Suffragists had to be strong: They were considered outrageous and dangerous not only because they demanded equal rights as citizens, but also because they were challenging society’s attitudes toward women and girls. They were ridiculed and bullied, criticized as “unladylike” and ugly, denounced as radicals and misfits, and called unpatriotic—even traitors. Though they called themselves suffragists, the press called them “suffragettes” to make fun of them. They were pelted with rotten eggs and spoiled vegetables; attacked by mobs of angry men and boys; and imprisoned in dirty, rat-infested cells, where they were tortured and assaulted.

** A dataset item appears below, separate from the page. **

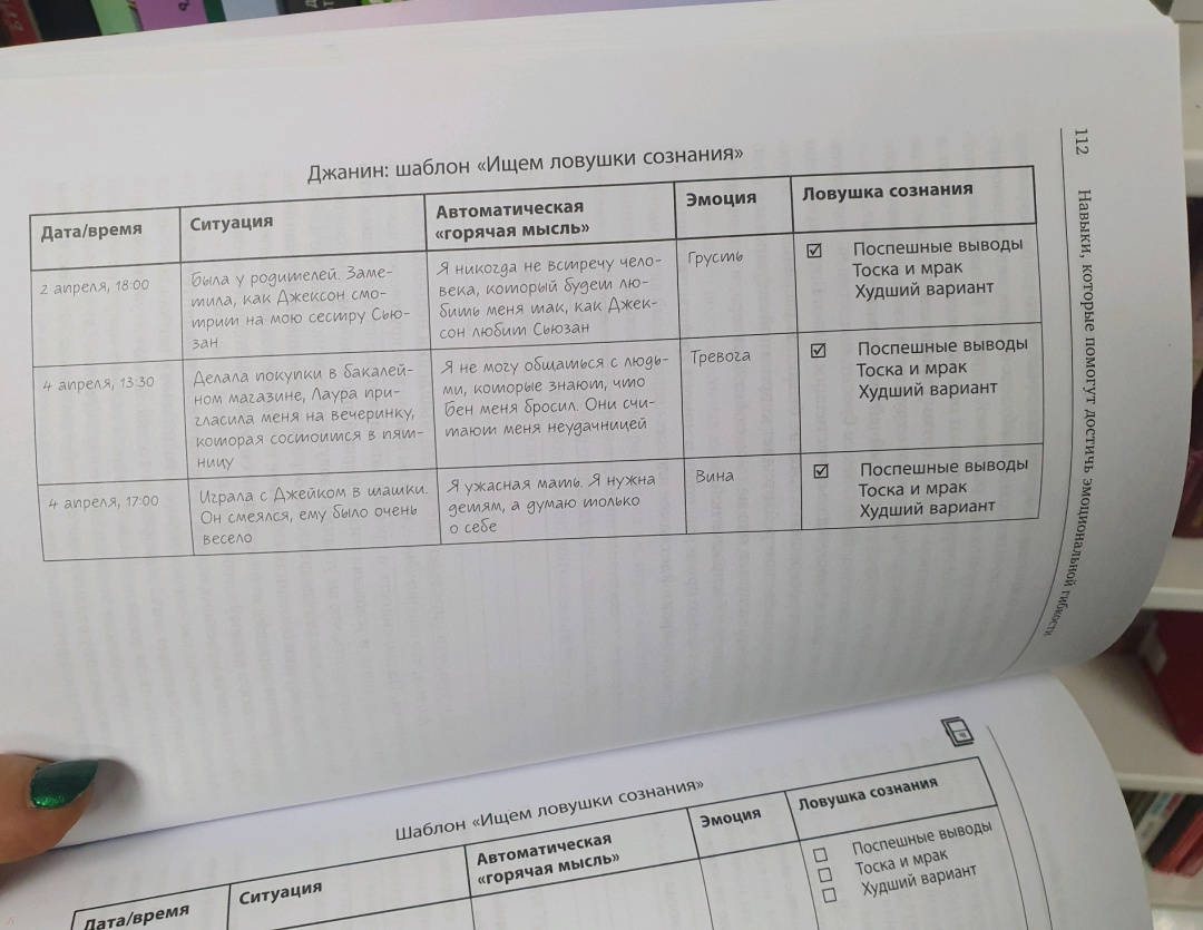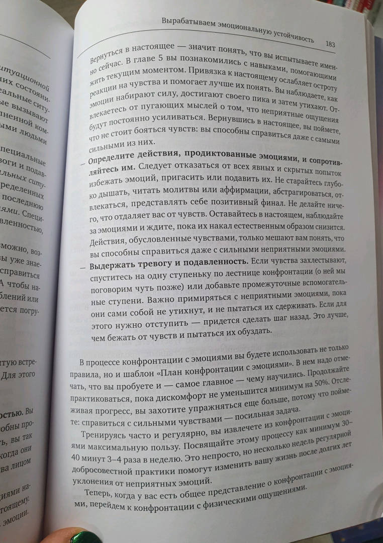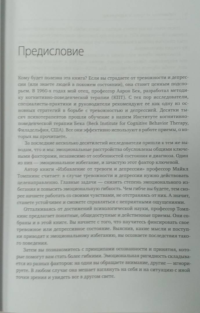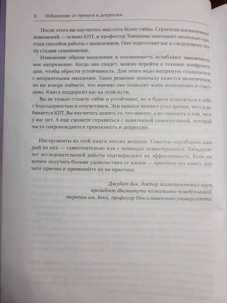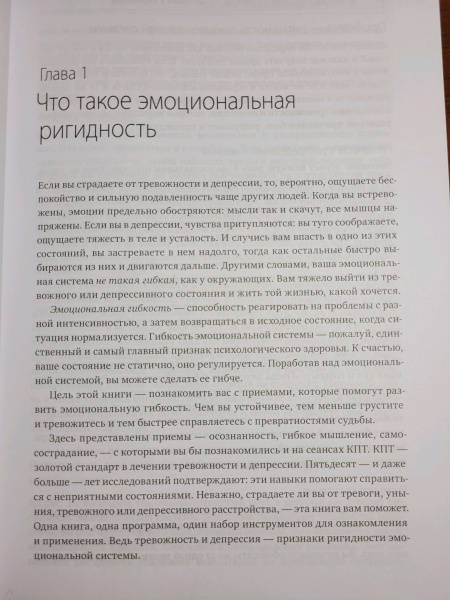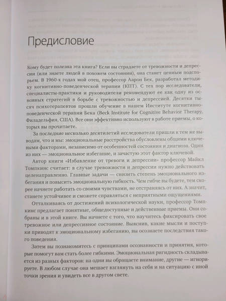 ОписаниеПрактическое руководство по борьбе с тревогой и депрессией. Поможет прочувствовать весь спектр своих эмоций, разрушить барьеры эмоционального избегания и справиться со своими чувствами.Если вы страдаете от тревожности и (или) депрессии, то наверняка меньше всего хотите бередить раны и погружаться в тяжелые чувства. Однако последние исследования в области психологии показывают, что избегание эмоций работает лишь в краткосрочной перспективе. Что вам на самом деле нужно - так это набор работающих инструментов, которые позволят осознать весь спектр своих эмоций. Именно такие инструменты вы найдете в книге.В этом практическом руководстве психолог Майкл Томпкинс предлагает научно обоснованные практики когнитивно-поведенческой терапии (КПТ), которые помогут разрушить барьеры эмоционального избегания.Благодаря им вы сможете:справляться с негативными чувствами;найти стратегии, которые помогут сохранять спокойствие в стрессовых ситуациях;открыть для себя техники расслабления и осознанности;улучшить настроение и самочувствие.Фишки книгиНаучная основа (когнитивно-поведенческая терапия)Структурный подходДля кого книгаДля всех, кто испытывает тревогу и/или подавленность и хочет повысить качество своей жизни.От автораЦель этой книги - познакомить вас с приемами, которые помогут развить эмоциональную гибкость. Чем вы устойчивее, тем меньше грустите и тревожитесь и тем быстрее справляетесь с превратностями судьбы.Здесь представлены приемы - осознанность, гибкое мышление, самосострадание, - с которыми вы бы познакомились и на сеансах КПТ. КПТ - золотой стандарт в лечении тревожности и депрессии. Пятьдесят - и даже больше - лет исследований подтверждают: эти навыки помогают справиться с неприятными состояниями. Неважно, страдаете ли вы от тревоги, уныния, тревожного или депрессивного расстройства, - эта книга вам поможет. Одна книга, одна программа, один набор инструментов для ознакомления и применения. Ведь тревожность и депрессия - признаки ригидности эмоциональной системы.СвернутьПрактическое руководство по борьбе с тревогой и депрессией. Поможет прочувствовать весь спектр своих эмоций, разрушить барьеры эмоционального избегания и справиться со своими чувствами.Если вы страдаете от тревожности и (или) депрессии, то наверняка меньше всего хотите бередить раны и погружаться в тяжелые чувства. Однако последние исследования в области психологии показывают, что избегание эмоций работает лишь в краткосрочной перспективе. Что вам на самом деле нужно - так это набор работающих инструментов, которые позволят осознать весь спектр своих эмоций. Именно такие инструменты вы найдете в книге.В этом практическом руководстве психолог Майкл Томпкинс предлагает научно обоснованные практики когнитивно-поведенческой терапии (КПТ), которые помогут разрушить барьеры эмоционального избегания.Благодаря им вы сможете:справляться с негативными чувствами;найти стратегии, которые помогут сохранять спокойствие в стрессовых ситуациях;открыть для себя техники расслабления и осознанности;улучшить настроение и самочувствие.Фишки книгиНаучная основа (когнитивно-поведенческая терапия)Структурный подходДля кого книгаДля всех, кто испытывает тревогу и/или подавленность и хочет повысить качество своей жизни.От автораЦель этой кн

To get their message across, suffragists used many creative strategies: They spoke on street corners and from the backs of wagons and cars; they held outdoor rallies and colorful parades; they protested—by marching in the streets of cities, even picketing the White House and Congress; and they went on hunger strikes (and were force-fed raw eggs, with tubes rammed up their noses in response).
Suffragists also engaged in civil disobedience, breaking what they considered unjust laws. Susan B. Anthony, Sojourner Truth—a black abolitionist and suffragist who had escaped slavery—and 200 other women attempted to vote in the 1872 presidential election. Anthony was arrested, tried, and convicted of illegal voting, but she refused to pay the fine set by the judge.
“It is a downright mockery,” Anthony proclaimed during her trial, “to talk to women of their enjoyment of the blessings of liberty while they are denied the use of the only means of securing them provided by this democratic-republican government—the ballot.”